Global outlook essential for students say British Council reports

Aston University is leading the way by providing a truly intercultural university experience and equipping its students with the essential global skills.

Two British Council reports[1] have confirmed the importance of Aston University’s mission to prepare its students to become ‘global citizens’.

According to a new ICM business poll[2], three out of four business leaders believe that the UK is in danger of being overtaken by emerging countries unless young people learn to think more globally.

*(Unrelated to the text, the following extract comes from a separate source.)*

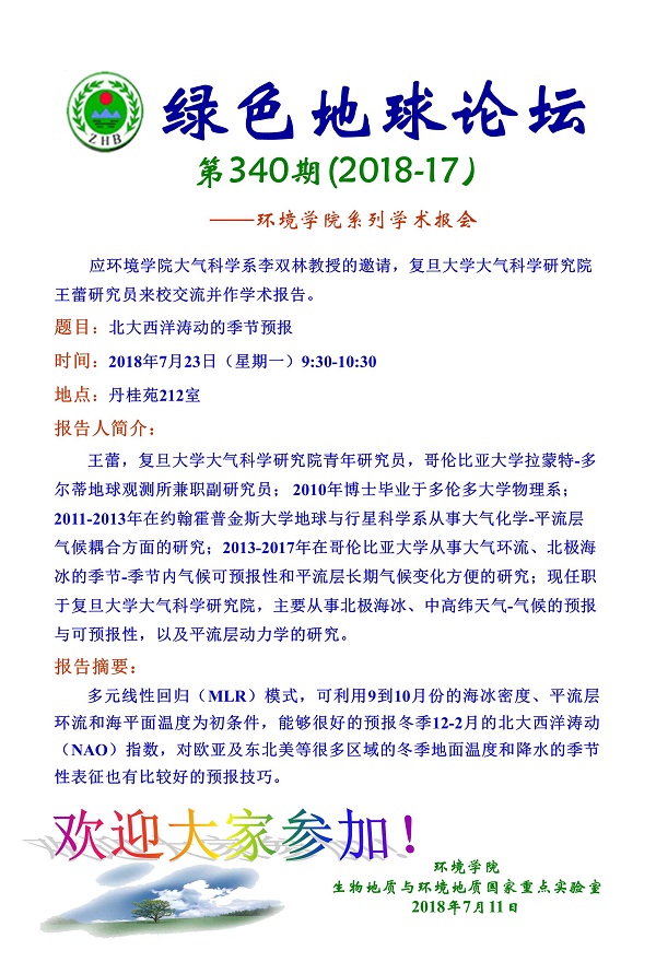 绿色地球论坛第340期(2018-17) ——嗨皮漫画 系列学术报告会 题目:北大西洋涛动的季节预报 时间:2018年7月23日(星期一)9:30-10:30 地点:丹桂苑212室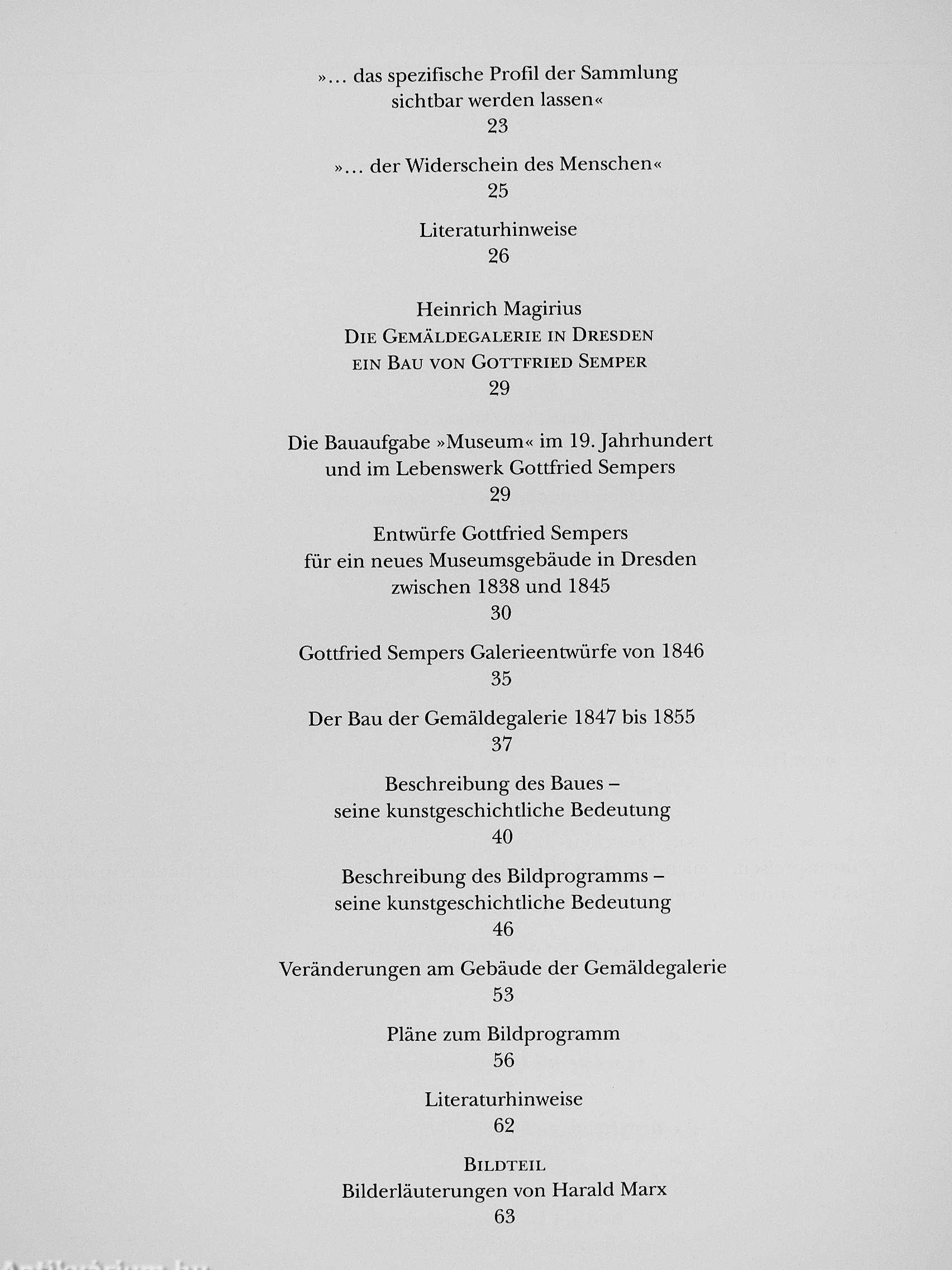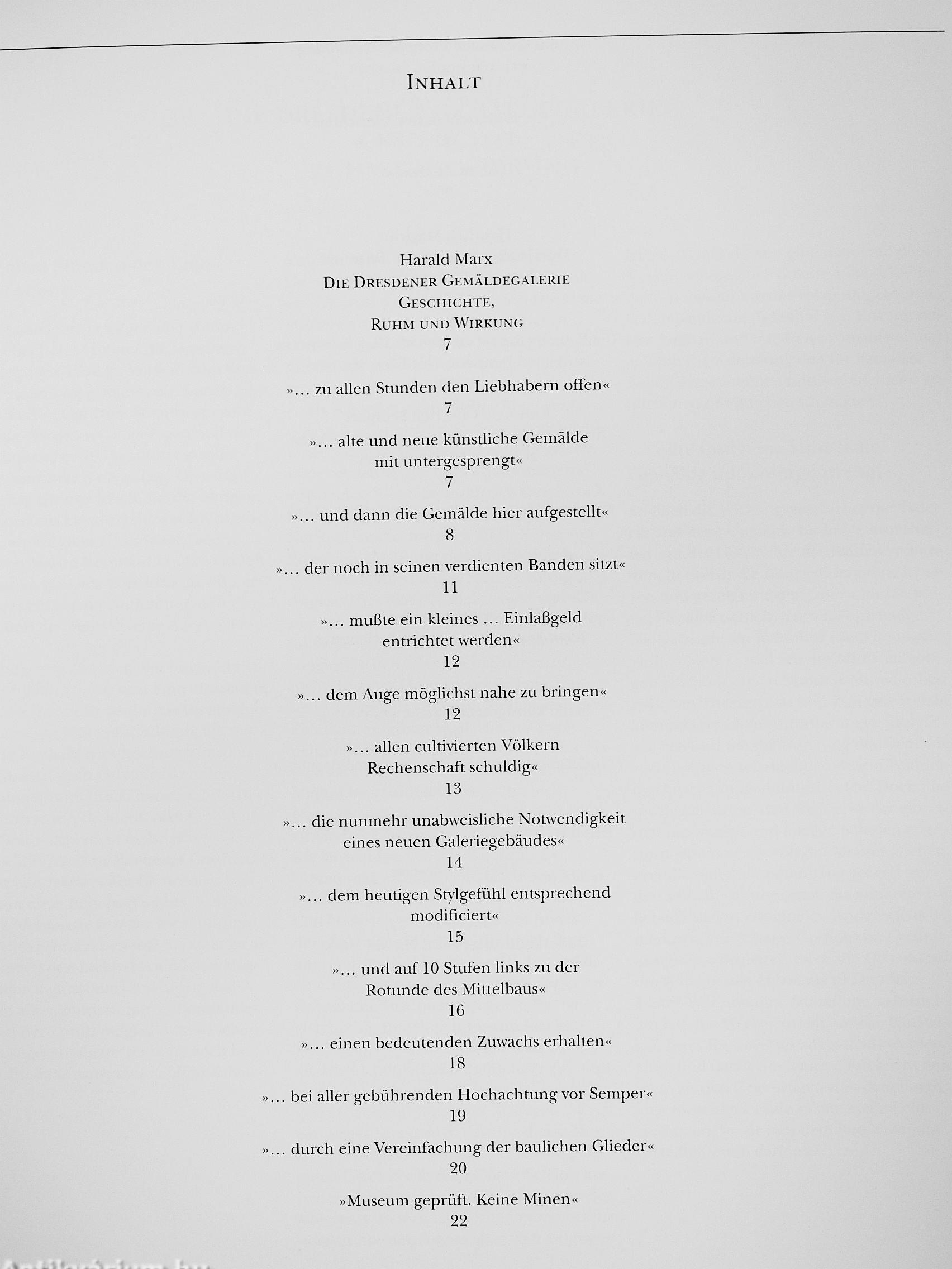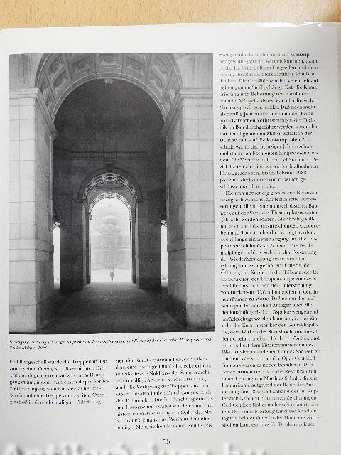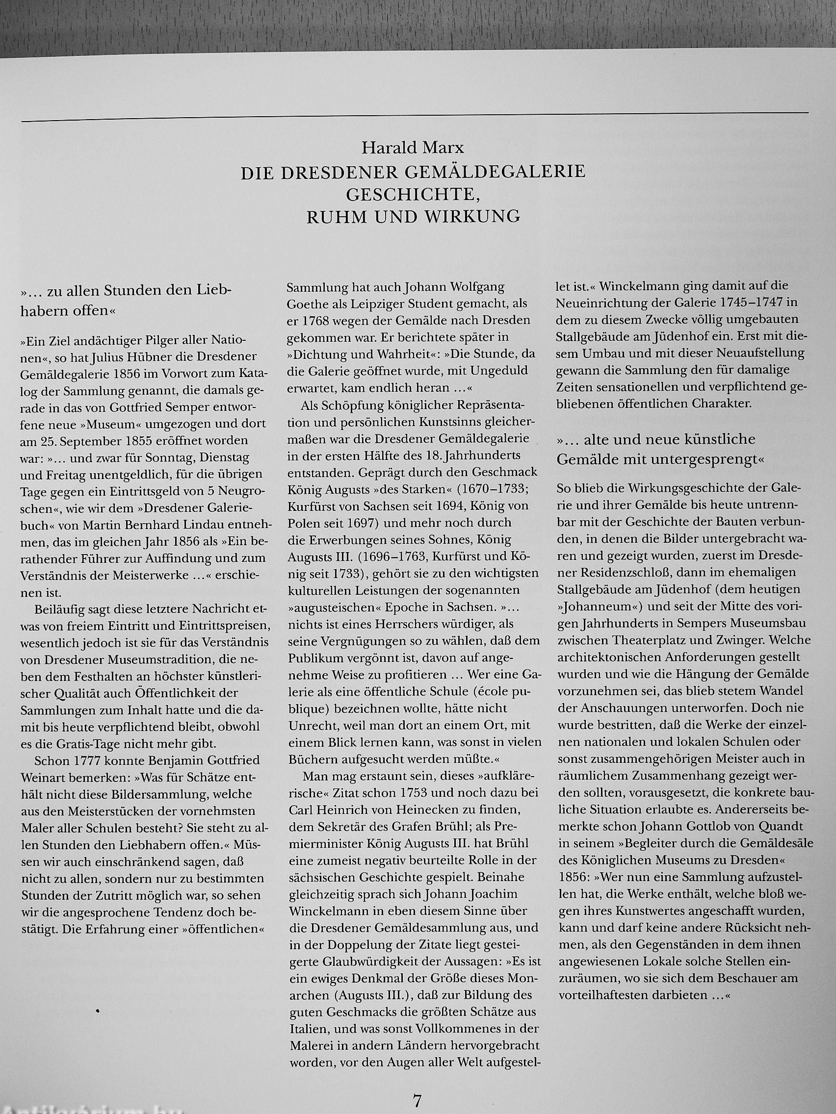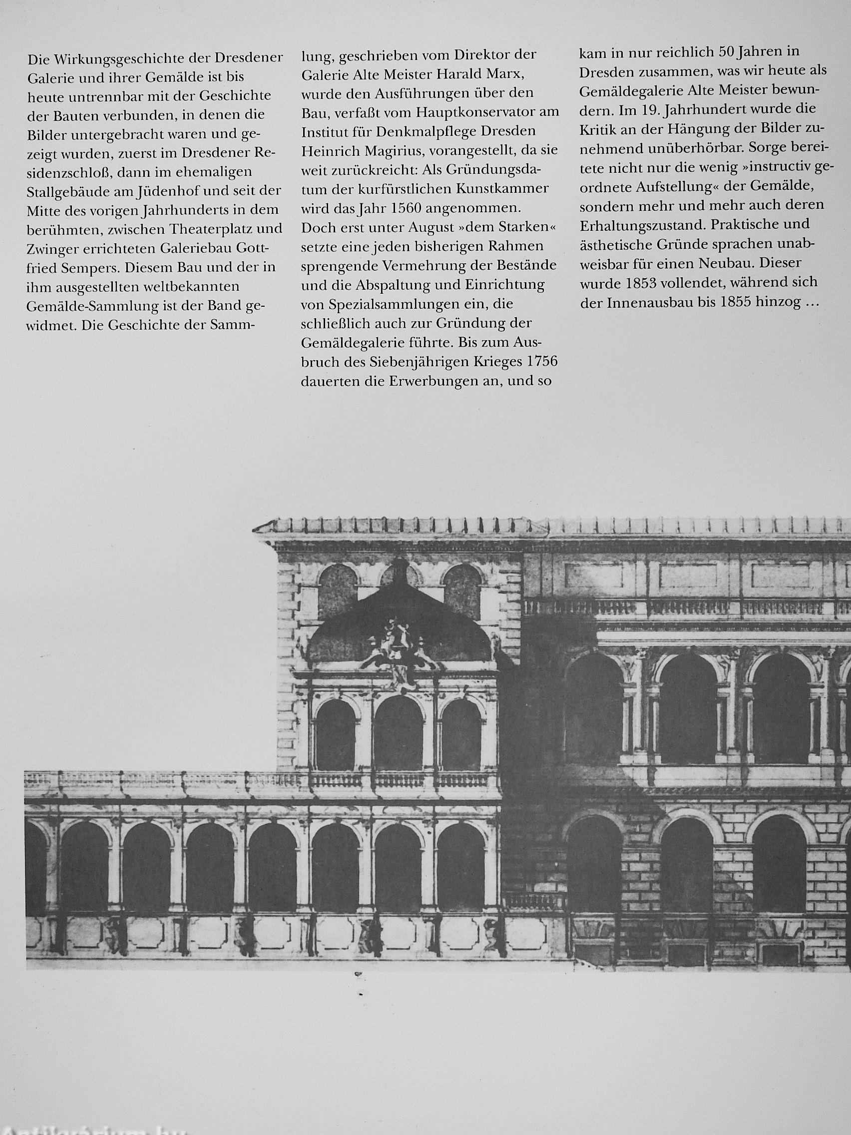 lung, geschrieben vom Direktor der Galerie Alte Meister Harald Marx, win-de den Ausführungen über den Bau, verfaßt vom Hauptkonservator am Institut für Denkmalpllege Dresden Heinrich Magirius, vorangestellt, da sie weit zurückreicht: Als Gründungsdatum der kurfürstlichen Kunstkammer wird das Jahr 1.560 angenommen. Doch erst unter August »dem Starken« setzte eine jeden bisherigen Rahmen sprengende Vermehrung der Bestände und die Abspaltung und Einrichtung von SpezialSammlungen ein, die schließlich auch zur Gründung der Gemäldegalerie führte. Bis zum Ausbruch des Siebenjährigen Krieges 1756 dauerten die Erwerbungen an, und so

The survey, commissioned by the British Council and Think Global charity, found that the UK is in danger of being left behind by emerging economies such as China, India and Brazil.

Similarly, only 48 per cent of UK students polled by YouGov[3] thought that an international outlook would benefit their work prospects.The research warns that if UK students do not have the skills wanted by multinational employers then "highly skilled and highly paid jobs will be increasingly taken by young people in countries other than the UK". Whilst 74 per cent of business chiefs are warning that students in the UK do not have the international outlook needed for a globalised economy.

Aston University is leading the way by providing a truly intercultural university experience and equipping its students with the essential global skills.

Aston University is addressing these issues through:

  • Courses designed to ensure Aston students are global thinkers such as the International Business and Modern Languages BSc which has been running at Aston since 1984. Its unique structure sets itself as a market leader for students who want to study business and language. 

  • A ’Languages for All’ programme giving all undergraduate students the opportunity to learn another language for free (Arabic, French, German, Mandarin Chinese or Spanish are all offered). 

  • A pioneering placement year which sees over 70 per cent of students at Aston take a year in industry or year abroad, enabling them to gain a greater appreciation of both the application and the context of their academic studies. 

  • Participating in the European Union's Erasmus programme which enables students to spend from three months up to a full academic year at another European institution. 

  • Working with Small and Medium-sized Enterprises (SMEs) offering support in the form of projects at undergraduate, postgraduate and research levels. These address strategic needs for company product portfolios and provide students with real work experience in global settings.

Aston University is a diverse community with a multicultural worldview,” said Professor Julia King, Vice-Chancellor of Aston University. “At the last count, we welcomed more than 120 nationalities on our campus and as a core element of our agenda, we have launched a major programme to encourage all our students to study a modern foreign language. Just as we have always been determined to take the brightest and the best students irrespective of their family income, we are just as determined to equip our students with essential language and business experience. This will allow our students to have the confidence and capability to achieve a top graduate job anywhere in the world.”

Words by Louise Russell

19 December 2011


[1] Published in December 2011.

[2] The Global Skills Gap was conducted by ICM Research on behalf of the British Council and Think Global. ICM surveyed 500 chief executives and board level directors of businesses in the UK with at least 10 employees.

[3] Next Generation UK was Research conducted on behalf of the British Council.